Time Frame: January 2012-March 2012
Location: Stanford University, Palo Alto, California, USA.
Host: Dr. Mark Musen

4. Integrated Framework for Knowledge Discovery: The last leg of the sabbatical will be focused towards maximizing interoperability between text, equations, ontologies and database-derived facts. I will use SADI, our platform semantic web services framework, towards achieving this objective.
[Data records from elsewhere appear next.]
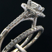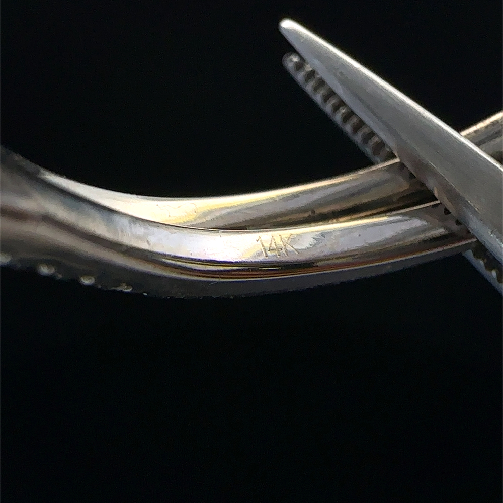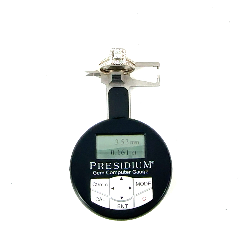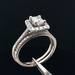 Features include a 14KT white gold band weighing 5.7 grams, featuring a square-cut diamond of approximately 0.73 carats with Si2-H clarity, accompanied by side diamonds totaling around 0.40 carats for enhanced brilliance.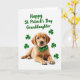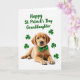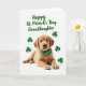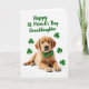 This greeting card features a golden retriever puppy sitting low and centered on a bright white background, its warm honey-colored fur softly lit so it looks extra cuddly and inviting. An emerald green bow tie with small white polka dots sits neatly at its neck, like it’s dressed up to charm someone it adores 💚. The puppy’s clear blue eyes and gentle, slightly tilted expression give it the kind of sweet look you’d share with a favorite granddaughter or a close friend. Around the pup, four bright green shamrocks are scattered with airy spacing, adding a festive touch without crowding the scene ☘️. Across the upper area, the message “Happy St. Patrick’s Day Granddaughter” is written in green lettering, standing out crisply against the white space. The layout leaves plenty of open room between the top text and the puppy, so your eyes travel naturally from the greeting down to that tender face. It’s a simple, affectionate setup that feels like a quiet little moment of connection, framed by shamrocks and soft light, and it’s a friendly way to share St. Patrick’s Day sentiments. The top line sits high in green above the puppy, with shamrocks floating around the center and sides on the white field.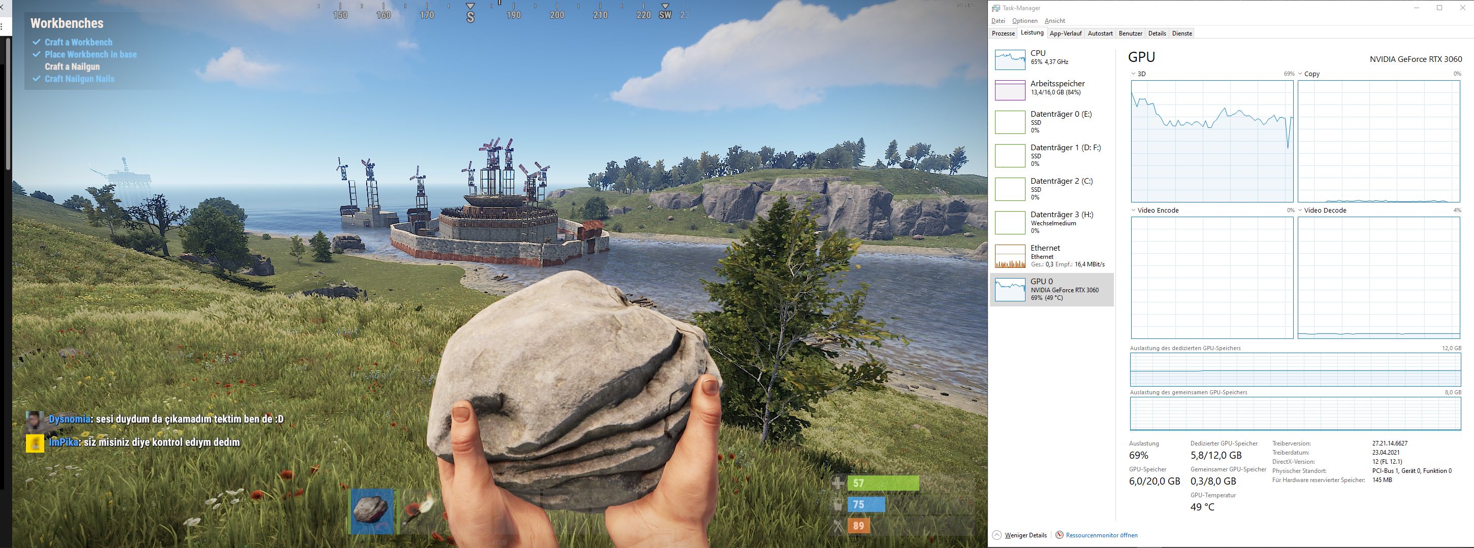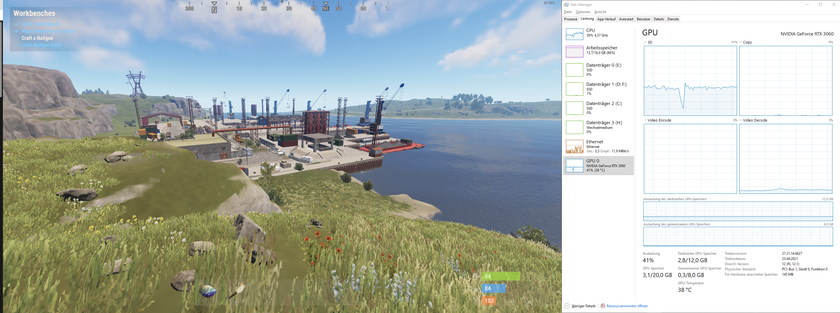 In Rust CPU auf ~50%, Ram auf 86% und GPU ~50%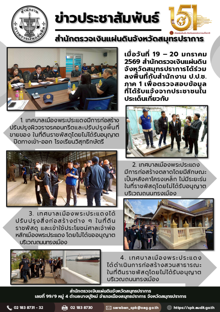 สำนักตรวจเงินแผ่นดินจังหวัดสมุทรปราการร่วมลงพื้นที่กับสำนักงาน ป.ป.ช. ภาค 1 เพื่อตรวจสอบข้อมูลที่ได้รับแจ้งจากประชาชนกิจกรรมตรวจสอบ, ภาพกิจกรรมมกราคม 21, 2026มกราคม 21, 2026 Post Views: 45

Time Frame: April 2012-June 2012
Location: India, Thailand, Singapore

Scientific Value and Broader Beneficial Impacts
The development and application of efficient strategies for knowledge discovery is a major goal in bioinformatics. My research into new strategies for the representation and evaluation of scientific hypotheses using ontologies, scientific text, data and bioinformatic services will create a novel platform that will significantly contribute to scientific productivity and ultimately improve our understanding of biology. The proposed sabbatical will provide me with new skills that will be used to train a future training of young scientists in the areas of formal knowledge representation, text mining and the Semantic Web. Ultimately, it is expected that the sabbatical will cultivate new partnerships with leading scientists and open new doors to work with industry and government agencies.